対象患者は1999年4月~2001年5月の間に、無作為化補助化学療法試験(CALGB 89803)に登録されたIII期の大腸癌患者1,009例。補助化学療法中および治療後6ヵ月間の食習慣についてアンケートを行い、確認された慎重食パターン(prudent pattern)と西洋食パターン(Western pattern)の2つの食パターンと、癌再発および死亡について分析した。
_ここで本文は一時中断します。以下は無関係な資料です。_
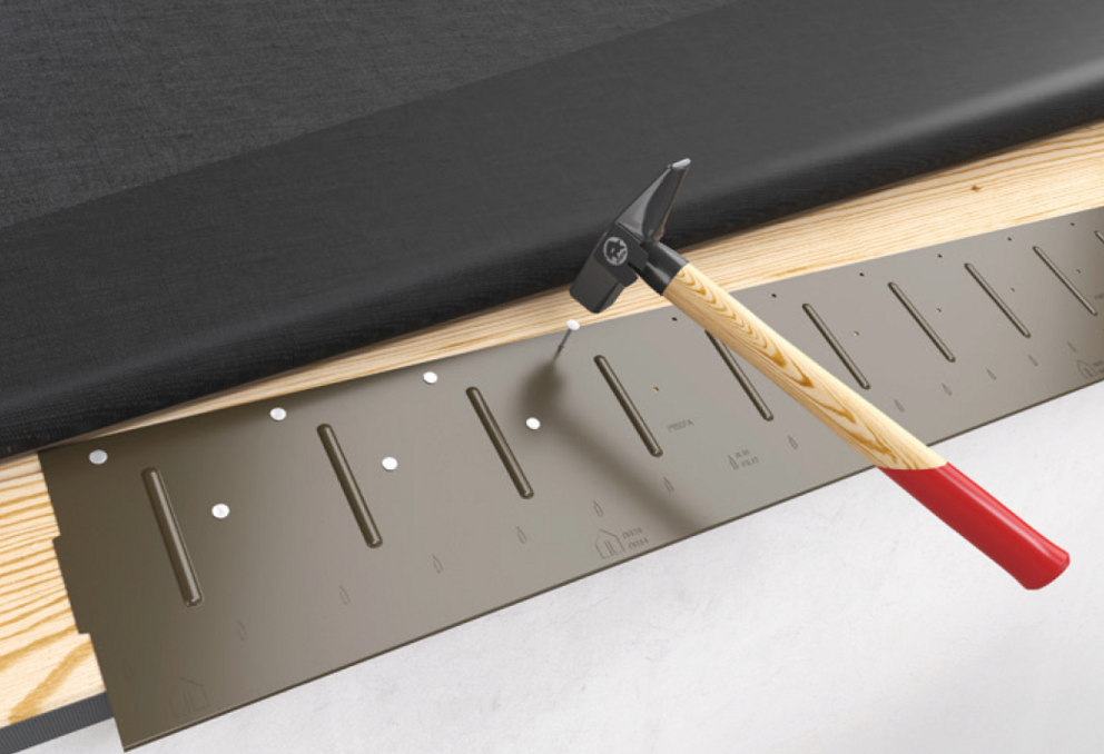 Začetni trak je treba pribiti tako, da je zaščiten pred nevihtami (žeblje pribijte v vse predhodno izrezane luknje). Začetni trak v celoti pritrdite, preden v vse predhodno izrezane luknje pribijete priložene žeblje PREFA.
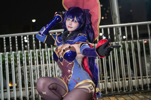 【コスプレ】フィット感のある衣装が作るシルエットが美しい!『原神』モナのくりっとした瞳が可愛い美女レイヤーが夜景に映える【写真9枚】
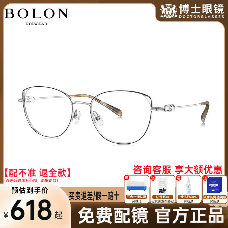 BOLON暴龙眼镜新款时尚猫眼近视眼镜框钛金属男女款镜架BH7009

慎重食パターンは果物、野菜、鶏肉、魚をよく摂取することが、一方の西洋食パターンは肉、油脂、精製された穀物、デザート類の摂取率が高い。

西洋食パターンと再発率、死亡率との関連を確認


追跡期間5.3年(中央値)の間に、集団全体として324例の患者が癌再発、223例が癌再発で死亡、28例が癌再発以外の要因で死亡しており、西洋食が大腸癌再発や死亡と関連していることが明らかとなった。

五分位比較による西洋食パターンの最小摂取群と最大摂取群の患者の、無疾患生存の補正ハザード比(AHR)は3.25(95%信頼区間2.04- 5.19)、無再発生存AHRは2.85(同1.75-4.63)、全生存AHRは2.32(同1.36-3.96)だった(いずれもP<0.001)。

西洋食パターンに偏ったことによる無疾患生存の低下は、性、年齢、ステージ、BMI、身体活動レベル、基線PSあるいは治療による差異はなかった。対照的に慎重食パターンは、癌再発および死亡率との関連は認められなかった。

以上の結果を踏まえMeyerhardt氏らは、「手術および補助化学療法を受けたIII期大腸癌患者が西洋食をより多く摂取することは、再発と死亡率を高める可能性がある。そのような食事のどの構成要素が最も強く関連しているのか、さらなる研究によって明らかにする必要がある」と結論づけた。